Ellie couldn't yet walk, but she had learned how to be independent in spite of that. She could feed herself, and she could talk, even though we had no idea what she was saying. She was independent enough to think she didn't need me, though I knew she did. While her independence will help her overcome many obstacles in life, it hindered our bonding process.

I was sometimes surprised at the great effort I had to put into loving on her when she pushed me away. Amazingly, the adult human spirit is NOT drawn to love on a child when that child is not returning the love. That does not mean I did not love her. It was just hard sometimes to be affectionate.

I want other adoptive parents to know that attachment and bonding can be a struggle.

But, I also want them to know it will happen.

We've been a Forever Family 6 months today! I am amazed at how much Ellie has changed, how much I have changed. I am overjoyed to see her when I get home from work. (The feeling is mutual.) Yesterday, Ellie said, "Will you play with me, Mama?" I'm sure you know my answer.
Yesterday, it felt so good, just to have her sit in my lap. Yesterday, she felt like my little girl sitting in my lap. Six months ago, while I was so glad to be holding her, it felt like holding a friend's child.

Ellie loves hugs and kisses, and gives them more freely than most children. She loves her mama more than I thought she might. She even wants my help at mealtimes now, even when she doesn't need me. Sometimes, I think she is reverting to some immature behaviors, but I also think that is good. It allows me to do for her what I could have done for her when she was younger.

I am growing to enjoy bed time more and more each day. At bedtime, Ellie, Josie-Tatum, and read stories together. Somehow a little play time comes in. It's followed by prayers, hugs, and kisses. It is such a blessing when Ellie keeps pulling me back to her to get one more hug. She is really learning what it is like to be part of a family.

I love to hear her tell others, "Thisa MY mama." "Thisa MY daddy." "Thisa MY sister."
My daddy loves to hear her say, "This MY yeye.
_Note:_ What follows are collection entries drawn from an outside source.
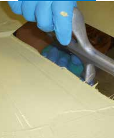
Application of Mapefloor Decor 700 using a smooth trowel
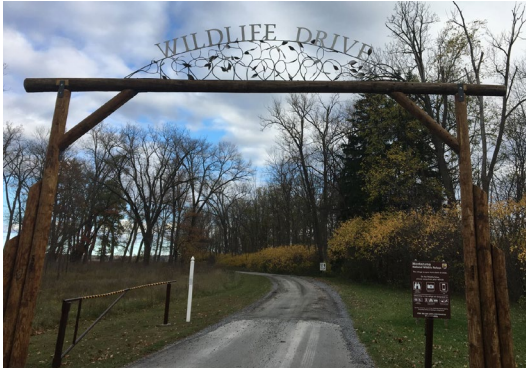
Wildlife Drive at Montezuma National Wildlife Refuge.

Montezuma National Wildlife Refuge is a critical migration and nesting habitat for over 300 species of birds and provides visitors with recreational opportunities for bird watching, educational programs, and nature photography. Currently, the refuge uses multiple older buildings that fail to provide adequate office, storage, and meeting space and have health and safety concerns with the structure, utilities, and other critical systems. This project will replace these buildings with a collocated and consolidated visitor center and administration facility. The replacement facility will facilitate mission-critical national resource protection, public use programs, and education by providing an office and meeting space for staff, volunteers, and large school groups.
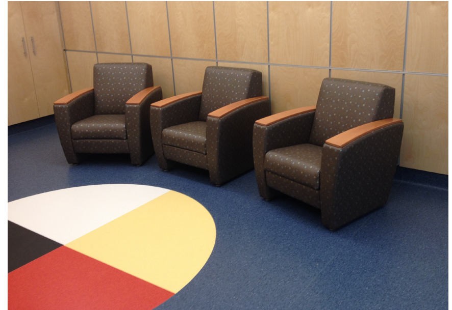
Lakes District Hospital and Health Centre Sacred Space.
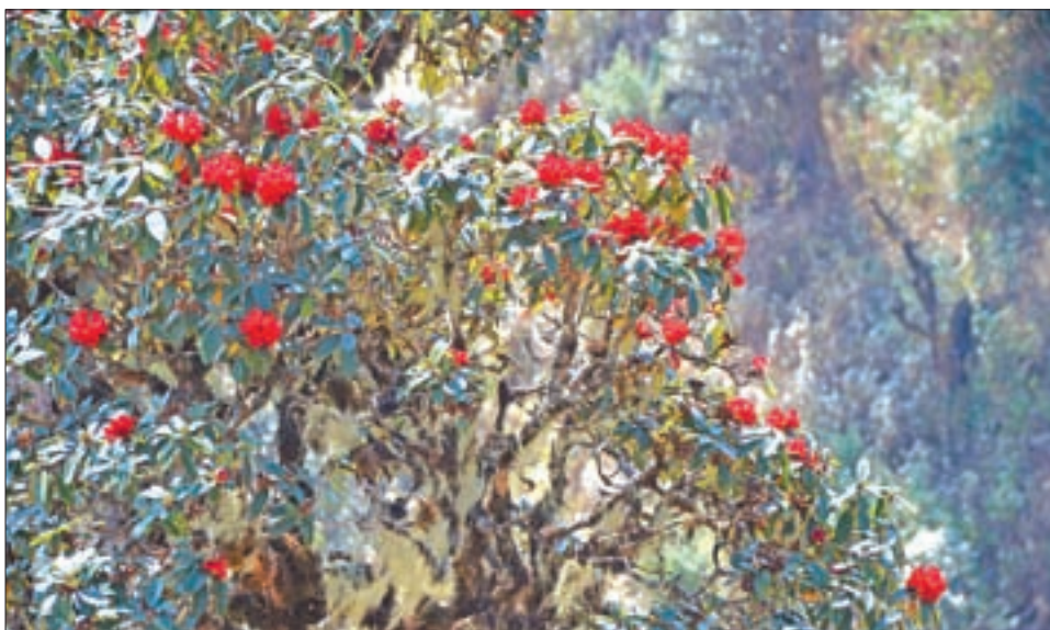
Symbol of Chin State, Taungzalat flowers (rhododendron) in full bloom.

The state experienced the shortage of food in the past. Therefore, the Chin State Government is working to build an international airport in northern Chin State and to build a jetty in the southern part.

MY grandpa." She is learning that she has a family that is HERS. She is learning what it is like to truly belong.

And, as that happens, the meltdowns are fewer, the power struggles are fewer. I can ask her to do something, and, when she obeys say, "Thank you." She readily says, "You're welcome." She has a desire to please her parents that is sometimes stronger than her desire/need to have control.

And, I am so glad, God, in His infinite wisdom, made Ellie a part of our family. I cannot imagine going home today and finding her not there. I can't imagine Josie-Tatum without Ellie to play with. I can't imagine not hearing her shout "Let's go Brandon!" at soccer games. I cannot imagine not hearing her say, "I love you." I can't imagine my home without her giggles. They are contagious. She is loud, and she is loving, and she is AMAZING.

Thank you, Jesus, for 6 months! I look foward to the rest of our lives!